La connexion WI-FI venait de sauter. Il fallait tout recommencer : ouvrir de nouveau l’Environnement Numérique de Travail (ENT) de la plateforme de cours virtuels du ministère, entrer les codes, attendre, cliquer. Ouvrir la messagerie de l’ENT. Cliquer. Cliquer sur la pièce jointe et choisir de l’enregistrer, autre clic. Cliquer sur l’explorateur de fichiers et ouvrir le dossier téléchargements : deux clics. Cliquer droit sur le document téléchargé pour le renommer du nom de l’élève, de son groupe et du sujet de l’exercice. Certains élèves, pour un devoir, envoyaient plusieurs messages : un pour chaque exercice, au fur et à mesure de leur avancement. Pour ceux-là, créer un sous-dossier. Double-cliquer gauche pour vérifier la lisibilité du document envoyé. Cliquer pour le retourner. Les élèves les mieux organisés envoyaient un scan propre. Les autres, les plus nombreux, prenaient une photo. Certaines photos étaient floues, illisibles, trop petites. Sur d’autres on voyait en partie la copie, mais surtout le bureau, la trousse, le canapé, et sous la feuille, le cours d’anglais qui dépassait. Dans certains mails il y avait plein de bonjours, de souhaits de santé et de formules de politesse, mais pas de pièce jointe. Alors Solange répondait, retournant formules de politesse et souhaits de bonne santé, pour signaler que la pièce jointe avait été oubliée. Ou mal téléchargée. Ou volatilisée dans les caprices du réseau. Certains formats étaient inadaptés. D’autres carrément inconnus. Jpeg, jpg, pdf, doc, odt OK, mais heic ? Heic ne passait pas. L’ordinateur de Solange digérait toujours mal ce format. Solange trouvait donc des astuces et des contournements, qui fonctionnaient un jour, mais pas le lendemain. Elle cliquait droit, copiait, collait, capturait, imprimait écran. Elle recollait sous word. Elle sauvegardait. Classait. Rangeait. Clic-clic-clic-clic-clic-clic-clic-clic-clic-clic. Parfois Solange reconnaissait l’élève mais se trompait de groupe. Elle devait alors cliquer sur un autre onglet et vérifier ses listes de groupes sur l’ENT.
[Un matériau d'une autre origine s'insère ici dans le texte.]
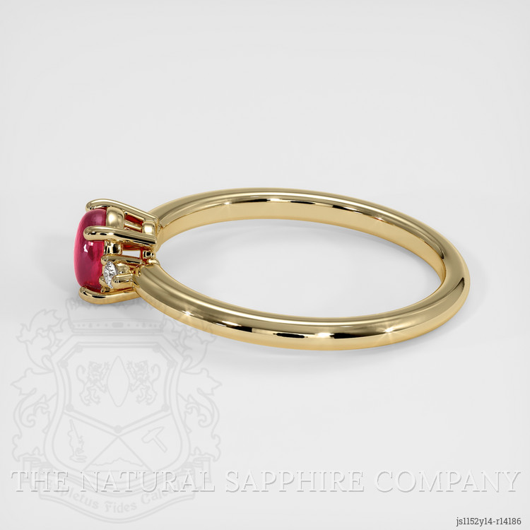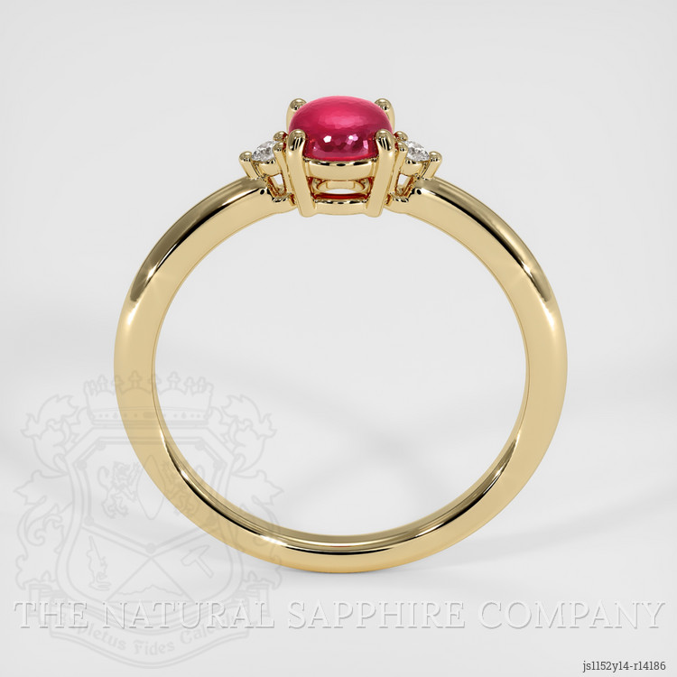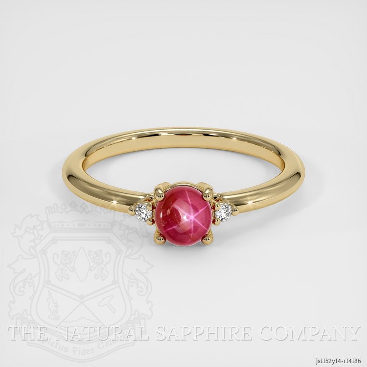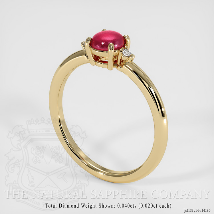 This exquisite ring is a true masterpiece of design, inspired by the elegance and grandeur of nature and architecture. At its heart lies a semi-translucent 0.94-carat round ruby, its dimensions precisely set at 5.52 by 5.27 by 2.72 millimeters, with a cabochon cut that enhances its organic beauty. This ruby, with its origin in Mozambique, captivates with its intense color saturation and excellent polish, reflecting a clarity grade of very slightly included when seen with the naked eye. Framing this rare gemstone are white, round-shaped diamonds, weighing approximately 0.04 carats, each possessing the refined clarity of VS1 to VS2, accompanied by a prestigious color grade of F. These jewels are all meticulously set within a 14K yellow gold band, adding warmth and richness to the design. Each element of the ring speaks to a narrative of rarity and exclusivity, offering the wearer a sense of belonging to an elite group who appreciates the combination of natural beauty and architectural sophistication found in this unique piece.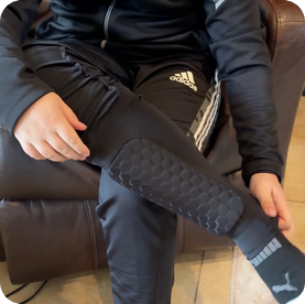 Das flexible Stretch-Material passt sich deinem Bein an, während die stoßdämpfende Wabenstruktur deine Schienbeine zuverlässig vor Druck und Reibung schützt.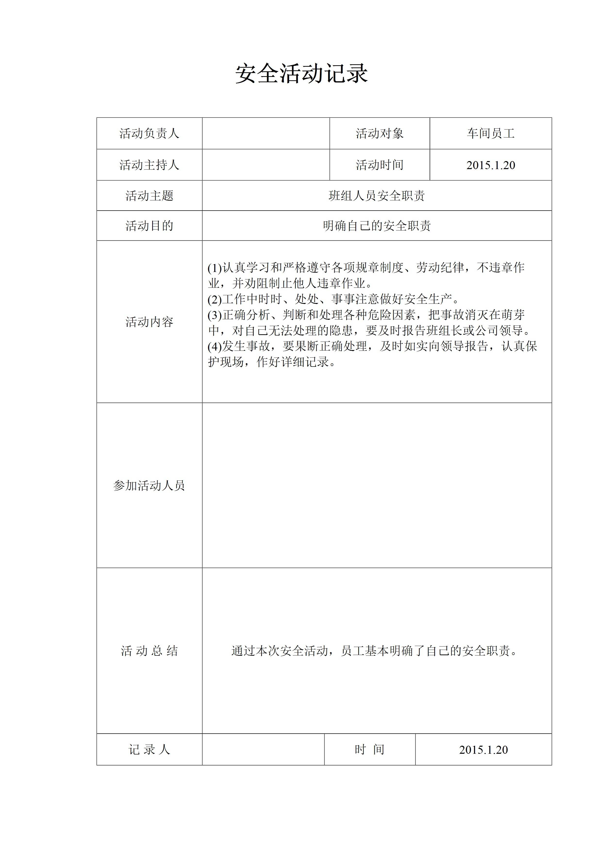 安全活动记录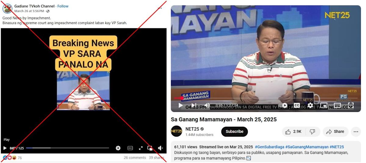 “لقد فازت أخبار Breaking News VP Sara” ، كما يقرأ نص اللغات التاجالوج على مقطع فيديو على Facebook مشترك في 26 مارس 2025.

À 11h30 la boîte mail de l’ENT afficha une mise à jour système et planta.

Solange s’arma de son téléphone et ouvrit sa boîte mail professionnelle qui était différente et sécurisée autrement que sa boîte mail de l’ENT. Celle-ci devait servir exclusivement aux messages du ministère et aux bons vœux des inspecteurs, aux consignes officielles, aux offres de formations virtuelles sur EXCEL et sur PYTHON, aux informations syndicales sur les salaires et aux propositions de manifestations en ligne par des hashtags de contestation. Pour se syndiquer et pour protester contre le ministre de l’Éducation, alternative aux rassemblements physiques interdits par son ami le ministre de la Santé, il fallait aussi cliquer.
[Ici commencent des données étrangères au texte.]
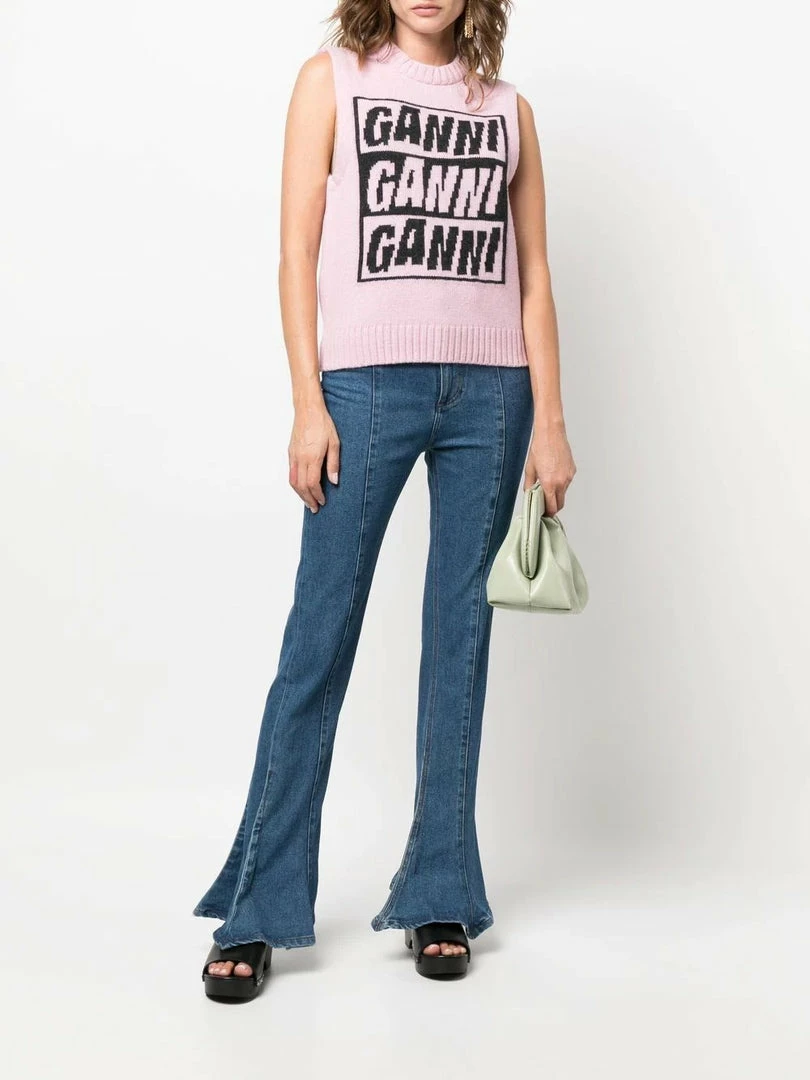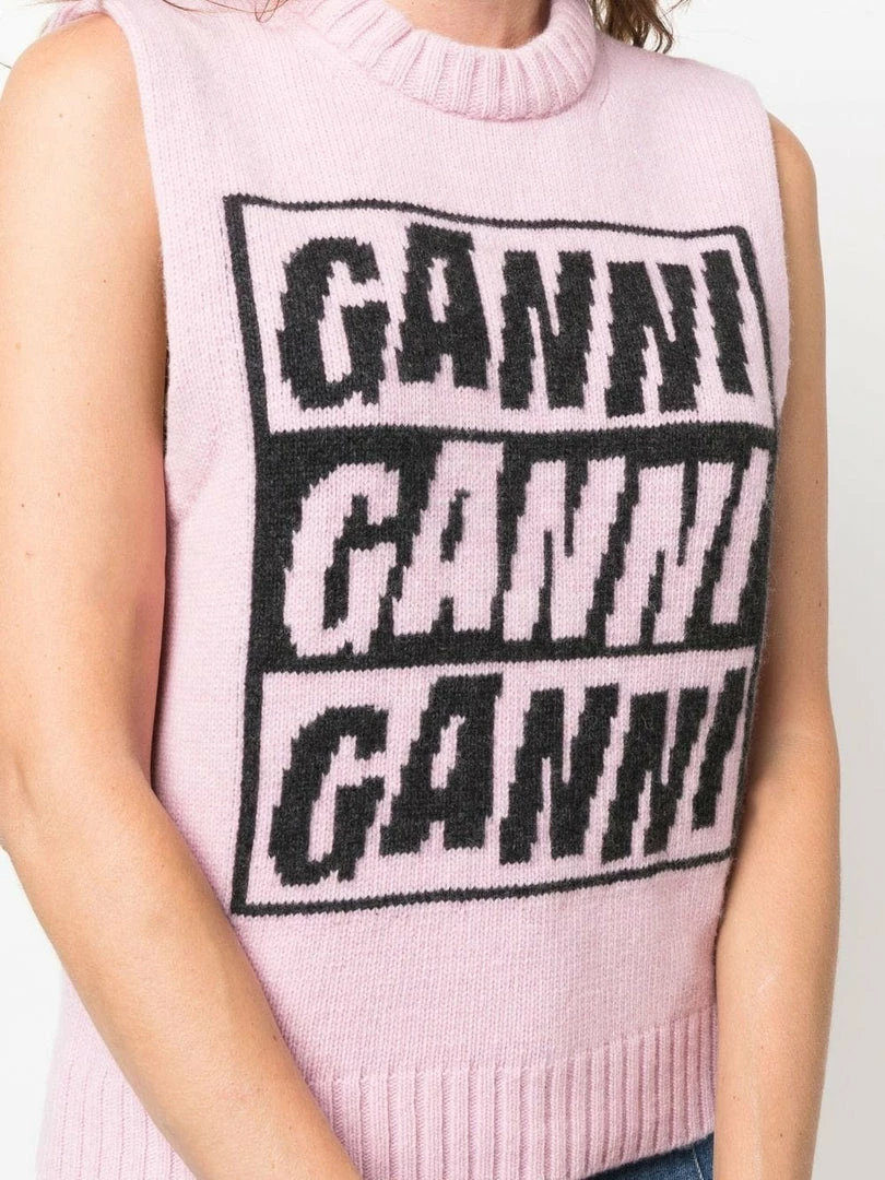 Ganni pink ‘Logo Sleeveless Knit Sweater’ featuring a round neck, ribbed trims, a black branded design on the front and pulls on. Item fits true to size. Model is wearing a size XS.Â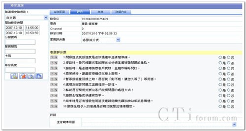呼叫中心質(zhì)量管理最重要的工作之一,就是評(píng)核各類(lèi)型業(yè)務(wù)電話服務(wù)的質(zhì)量。為了要做到公平與公正,質(zhì)檢樣本的篩選不只要相同業(yè)務(wù)服務(wù)內(nèi)容,更要相同的 環(huán)境條件,例如:不同業(yè)務(wù)類(lèi)別(成交電話篩選、抱怨電話篩選)、日期(尖峰日電話篩選、離峰日電話篩選)提供公平的選擇基礎(chǔ)作為評(píng)核的樣本,不因隨機(jī)取樣造成對(duì)客服人員整體績(jī)效評(píng)估失之偏頗。即便呼叫中心因應(yīng)企業(yè)策略產(chǎn)生新的業(yè)務(wù)服務(wù)時(shí),QMS8100KS可充分整合前端應(yīng)用系統(tǒng)的改變,可依據(jù)所需的篩選條件組合或與CTI整合后的篩選字段,完成交叉錄音檔案篩選。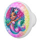 This ceramic cabinet knob is shown in white with a cute colorful mermaid girl print.

Par prudence, Solange avait donné l’adresse de cette messagerie à ses élèves. Elle avait aussi fini par donner son numéro de téléphone personnel. Peut-être un jour serait-elle victime d’un harceleur ou d’un troll, mais la saturation fréquente des réseaux pédagogiques imposait presque de les doubler par des moyens de communication personnels, au mépris de la prudence et du cloisonnement entre métier et vie privée.

De chaque côté on galérait. Une élève avait déjà envoyé, sur la boîte professionnelle presque saturée de messages automatiques alertant de la saturation prochaine de la messagerie, un mail pour signaler que dix autres n’arrivaient pas à se connecter. Et déjà le téléphone sonnait : deux autres élèves perdus sur les chemins, momentanément barrés, de l’ENT avaient bifurqué par le réseau mobile. Des dizaines de photos s’enregistraient sur le WhatsApp de Solange.
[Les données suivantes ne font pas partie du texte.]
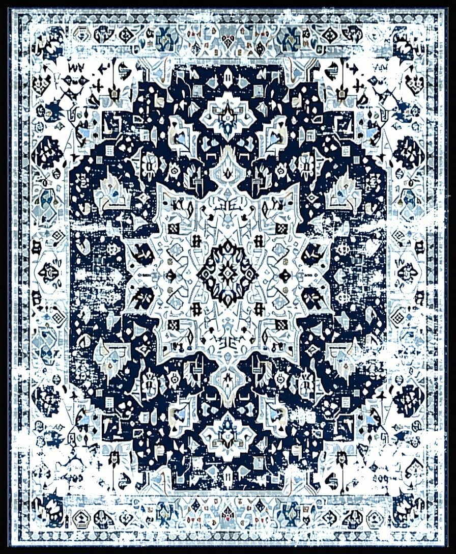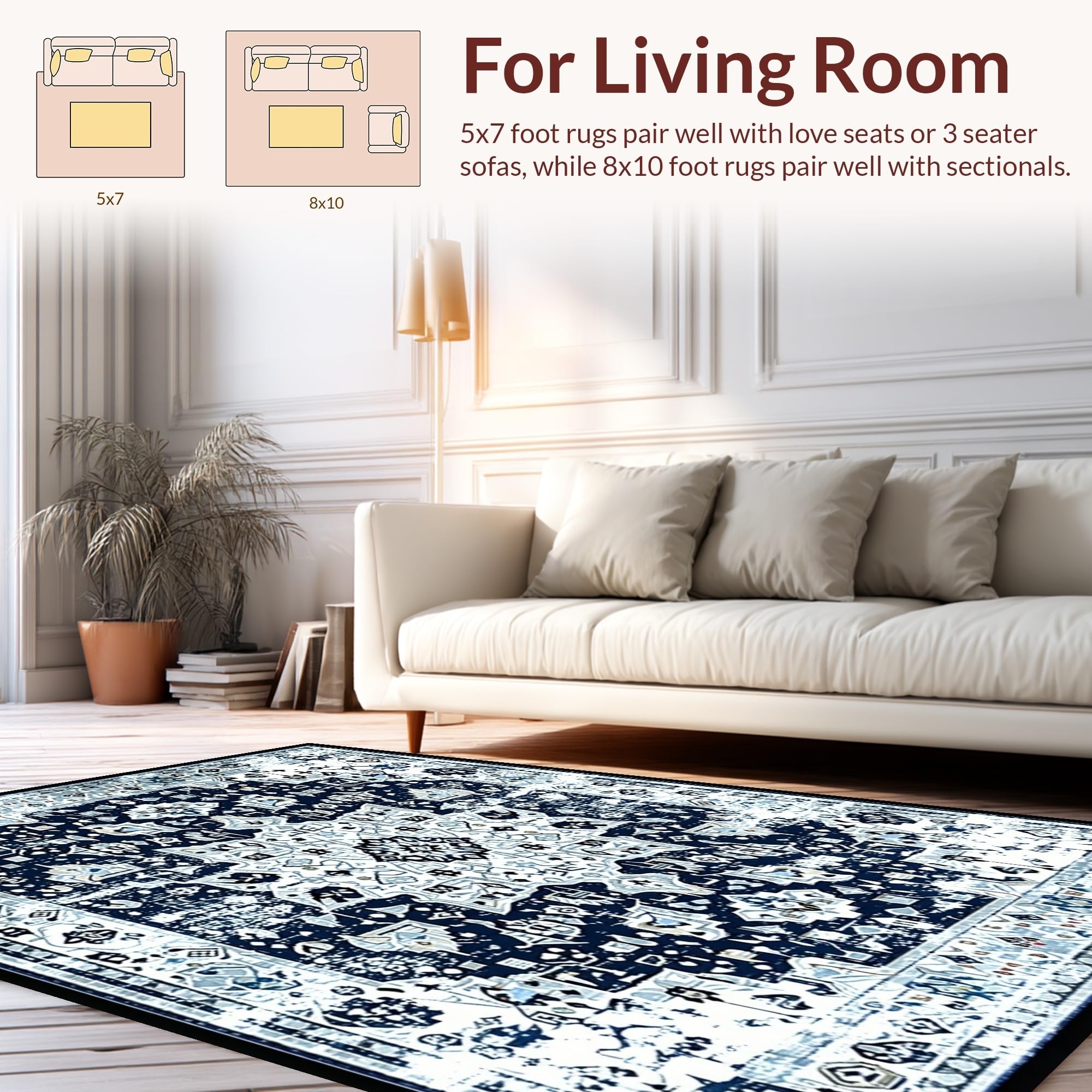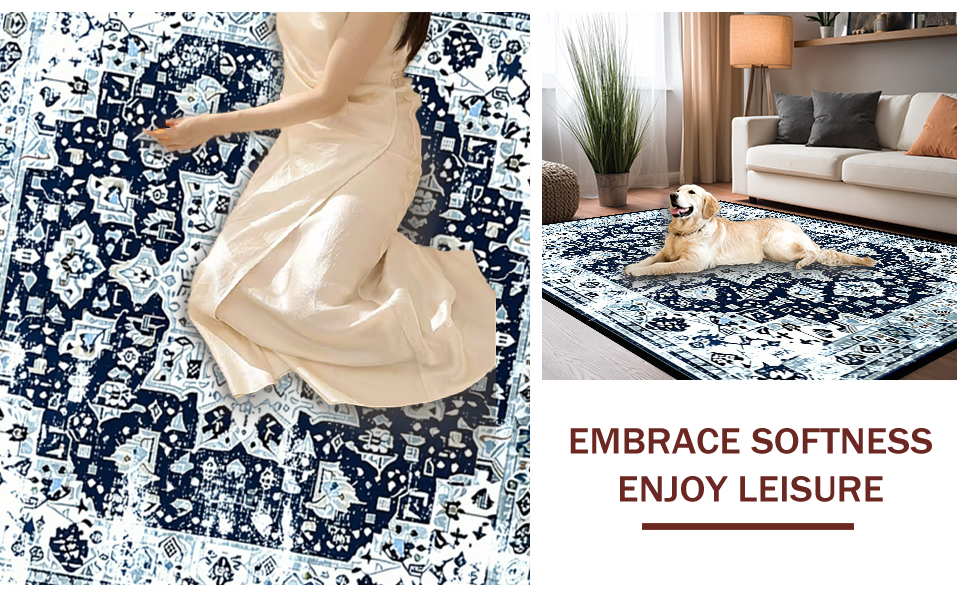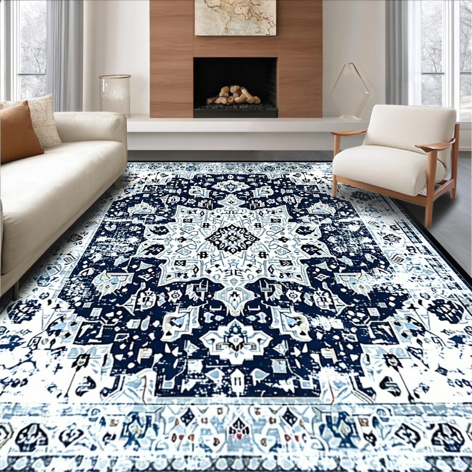 Ultra Soft Area Rug, Non Slip, Stain Resistant, Washable Area Rugs for Living Room, Bedroom, Transitional Tiled Design with Character(Blue) Overview: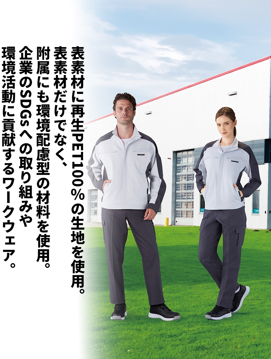 表素材に再生PET繊維を100%使用、環境にやさしいワークウエア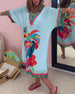 SPECIFIKATIONER Stil: Elegant Materiale: Bomuldsblanding Kjoletype: A-linje Kjolelængde: Maxi Halsudskæring: V-udskæring Mønstertype: Tryk Ærmetype: Almindeligt ærme Ærmelængde: Trekvartærmet Pasform: Almindelig Sæson/årstid: Forår,Sommer Lejlighed: Daglig Pakken inkluderer: 1 x Kjole STØRRELSESTABEL (cm) Størrelse Buste Længde S 95 1...

Solange avait perdu son métier. Elle n’enseignait plus, elle archivait. Quelle proportion de sa matinée aurait-elle, ce jour-là, consacré à expliquer des mathématiques ? On se rapprochait de zéro. Tout n’était que clics et parades techniques. Quelle partie du cerveau – du sien mais aussi de celui de ses élèves – avait-elle fait travailler ? Quelle nourriture intellectuelle avait-elle servi aux jeunes dont elle avait, pour quelques heures, la charge ? Elle se faisait l’effet d’un vendeur de barbe à papa. Que restait-il donc dans la bouche et dans l’estomac de cette friandise gonflée d’air qu’on avalait sans mal mais qui ne ferait jamais un repas ?

Peu de gens comprenaient son aversion pour l’informatique que tous jugeaient proche des mathématiques. Ne fallait-il pas être rigoureux et avoir l’esprit scientifique pour apprécier ces deux disciplines ? L’informatique avait des règles et la programmation quelques vertus logiques, mais elles étaient trop souvent soumises aux caprices d’une surcharge de fréquentation, aux variations de tension, à des mises à jour, à des fluctuations inexpliquées et à des changements de codages insoupçonnés. Un peu de poussière dans les rouages pouvait aussi tout changer.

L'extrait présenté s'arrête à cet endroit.